If you ever had a hard drive fail without having a backup then you know it can be a painful experience. It happened to me when I was 16, and I lost a hard drive filled with music. But my loss was far from important, it was only music that I had obtained from sailing the high seas. I mean sure, it took a lot of time to acquire during those days, does anyone else remember it taking 20 minutes to download a single song? But it was far from irreplaceable. What happens if it’s your family photos or letters or other things that simply can not be replaced? I learned my lesson that day, backups are important!
The 3-2-1 rule for backups states you should have 3 copies of your important data, on 2 separate devices, with 1 separate location. It’s also important to understand that RAID is not a backup. RAID is a solution that fixes the problem of downtime in case of drive failure. It does not protect against accidental file deletions; therefore, it is not a proper backup solution.
Now onto 3-2-1, and the software that I use in my setup.
The servers sitting down in the basement are just used Thinkcentre PCs bought off of eBay for around $100 each and there are 4 x 8TB drives connected to them. Using snapraid I have 3 drives usable as data drives, and one drive is set to be a parity drive. This means if any one drive out of the 4 fails, I lose nothing. Well, to be accurate, I have snapraid set to sync nightly @ 2:00AM, which means, I could lose any data that has been changed since the last nightly sync.

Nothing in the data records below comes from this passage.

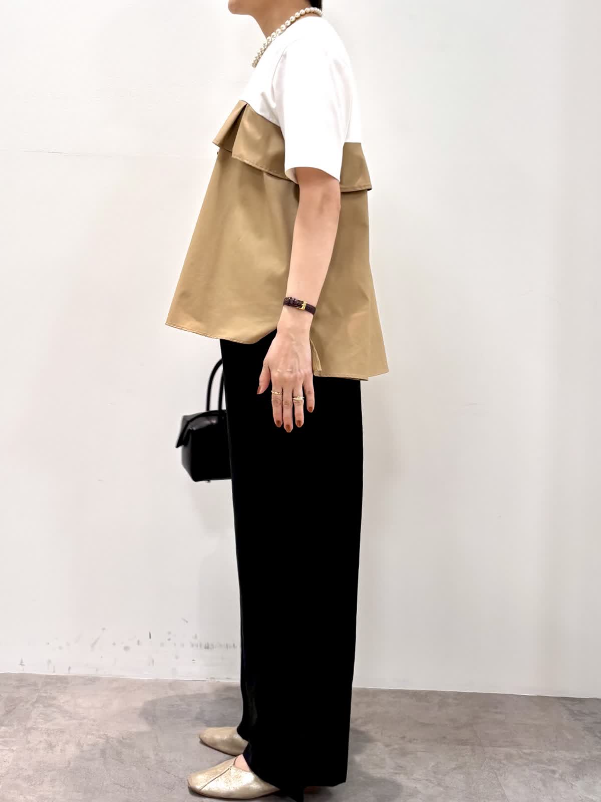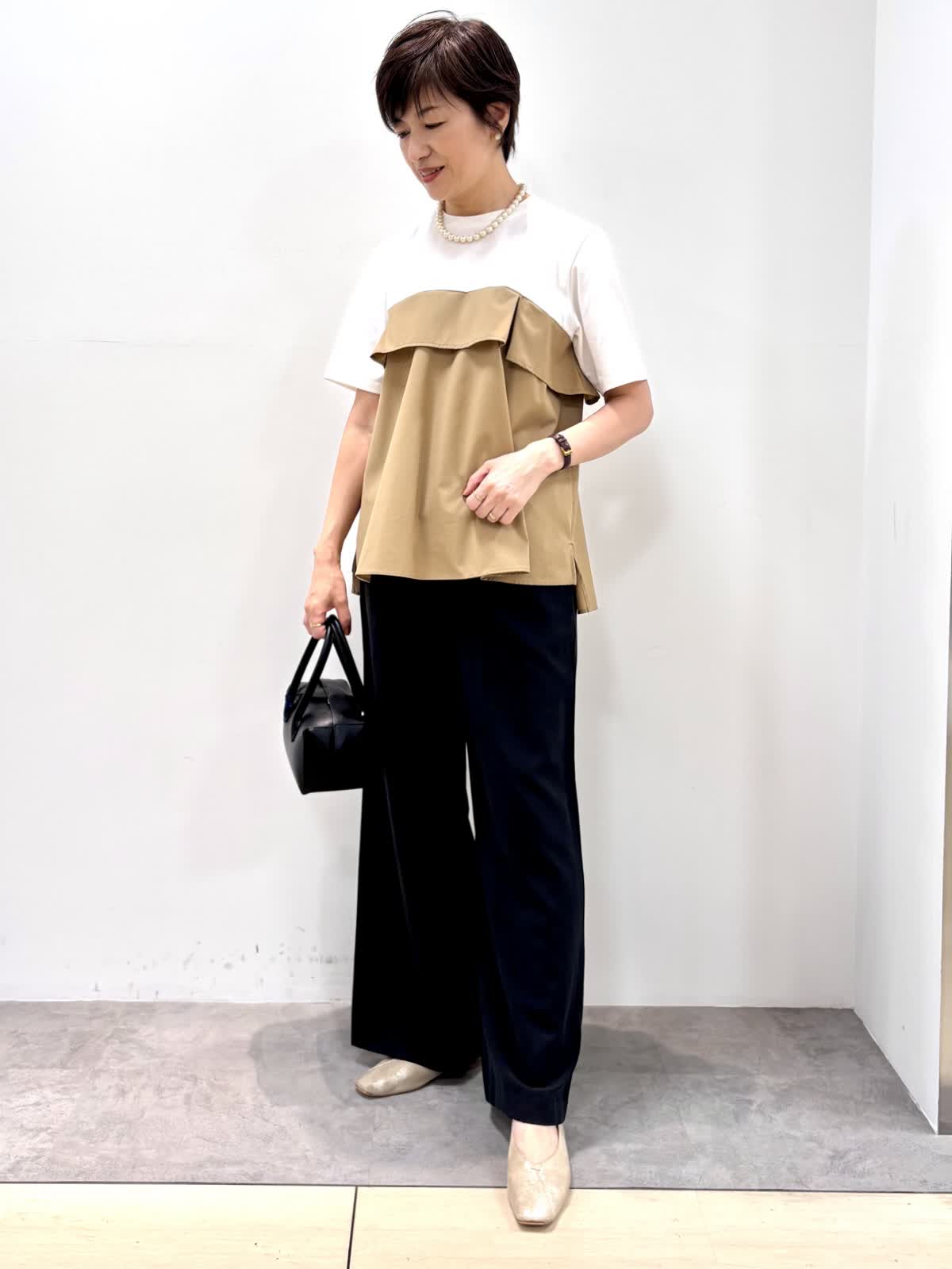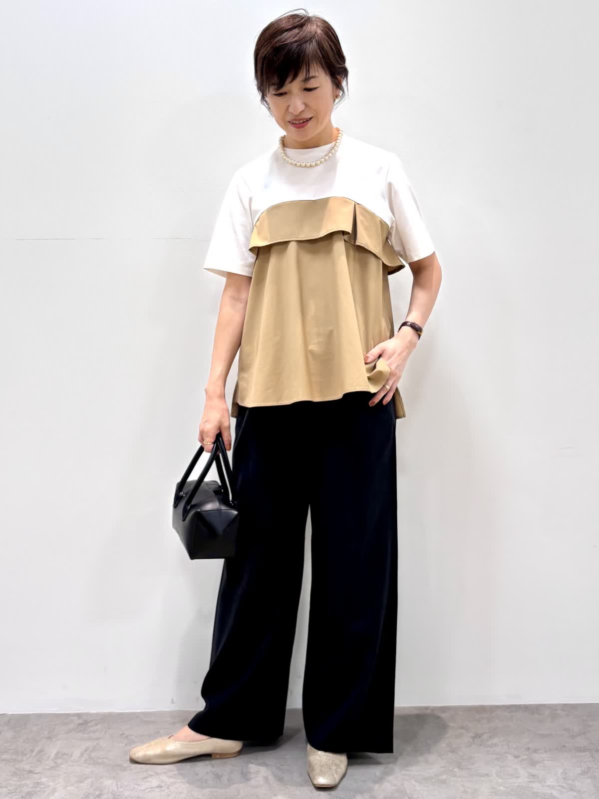[着用サイズ]カットソー:9号 パンツ:9号 [着用カラー]カットソー:ベージュ パンツ:ブラック 1枚で着映えするビスチェ風カットソーはハリのあるカット素材でエレガントな雰囲気です。上半身に目が行くのでスタイルアップして見えます。ゆとりのあるワイドパンツはウエストゴム使用で楽チンです。 涼しい素材で残暑が厳しい秋もノンストレスで着ていただけます。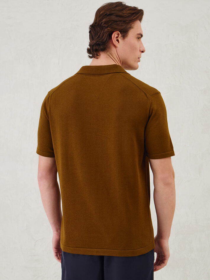 Crafted from cotton, this polo features a distinctive Johnny collar—an open V-neck design that offers a relaxed yet refined look. Its flat-knit construction ensures a smooth, breathable texture, making it suitable for both casual outings and semi-formal occasions.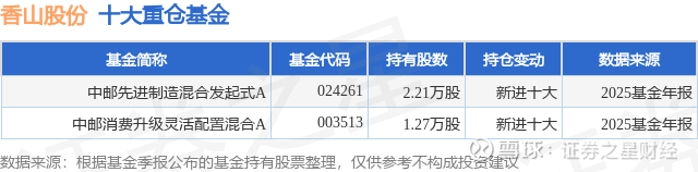 重仓香山股份的公募基金请见下表: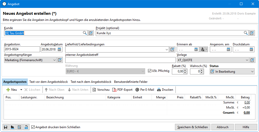 Mit der Auswahl "Neues Angebot" ergänzen Sie dann im entsprechenden Dialogfenster die Angaben im Angebotskopf und fügen die anzubietenden Angebotsposten im Reiter "Angebotsposten" durch Klicken auf das Symbol hinzu.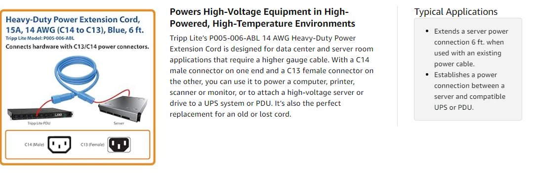 With support for up to 250V, this six-foot 15A cord is compatible with all C13-equipped hardware. It’s UL-listed and features a flexible SJT jacket and 14 AWG wire for easy routing through tight areas.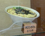 実際に麺を茹でる釜を見ますと、すでにデロデロのお湯でそこに水を常時足しながら、麺を茹でています。つけ麺ですと、麺をあげてから一度洗うので、問題はないと思いますが、ラーメンの場合はかなり気合いをいれて湯切りしないと、茹汁のヌメりが残ります。納豆は、小粒の大手メーカのものらしく、アンモニア臭もキツかったので、購入後時間が経ったものか、常温で保存したと思います。・・・・・失敗したかも。スープを全部飲まないと納豆が食べられない(コーン・ラーメンと同様)ので、スープを全部飲み、早々に立ち去りました。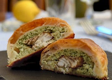 Lone Landmands indbagte torsk med dild og skalotteløg er indbagt i både butterdej og fiskefars. Retten kan serveres som forret eller hovedret.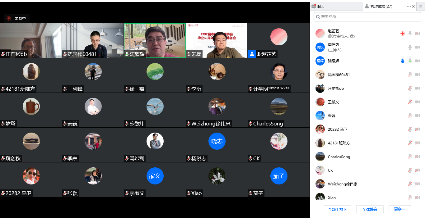 4月24日,1992屆本科班級理事會畢業(yè)30周年紀念活動籌備會于線上成功舉辦,20余名班級理事云相聚,為畢業(yè)30周年的團聚獻言獻策。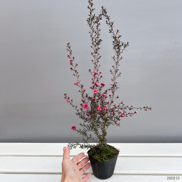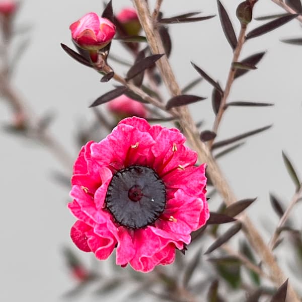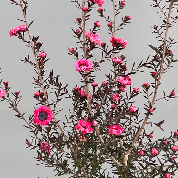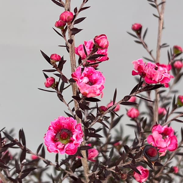 秋から春先にかけて、長く花を咲かせるギョリュウバイ。ニュージーランド原産のティーツリーの仲間です。樹高1〜4mになる、変異に富んだ常緑低木です。梅の花に似た花を冬から春にかけて開花させます。耐寒性はマイナス7度まで。この品種は濃桃花の八重咲きです。

I like this timing because if I am working on something during the day, and accidentally delete it then I can recover the files from the last sync the night before. And it’s unlikely that I place something on the drives that is not replaceable, and also not still on another device, before the next sync takes place so this works for me. But remember how RAID is not a backup? Well, despite it’s name, snapraid is software that blurs those lines a bit between RAID and a backup solution. It sort of acts like RAID and it sort of acts like a backup solution in some ways. However, I do not consider it a backup solution, which is why I also use borg for my real backups.
Borg has deduplication, which means if I have multiple copies of the same file in different folders or even on different machines then it only needs to take up the space of about one of those files. Likewise if I have a big file and only a little of the data changes, it doesn’t need to make a completely new copy of the changed file, just a little more than the changed parts of it. This saves a lot of storage space. Borg is also fast, easy to install, easy to script, supports encryption and compression, and allows for backing up to remote hosts. The backups that borg creates are what I actually consider to be my backups.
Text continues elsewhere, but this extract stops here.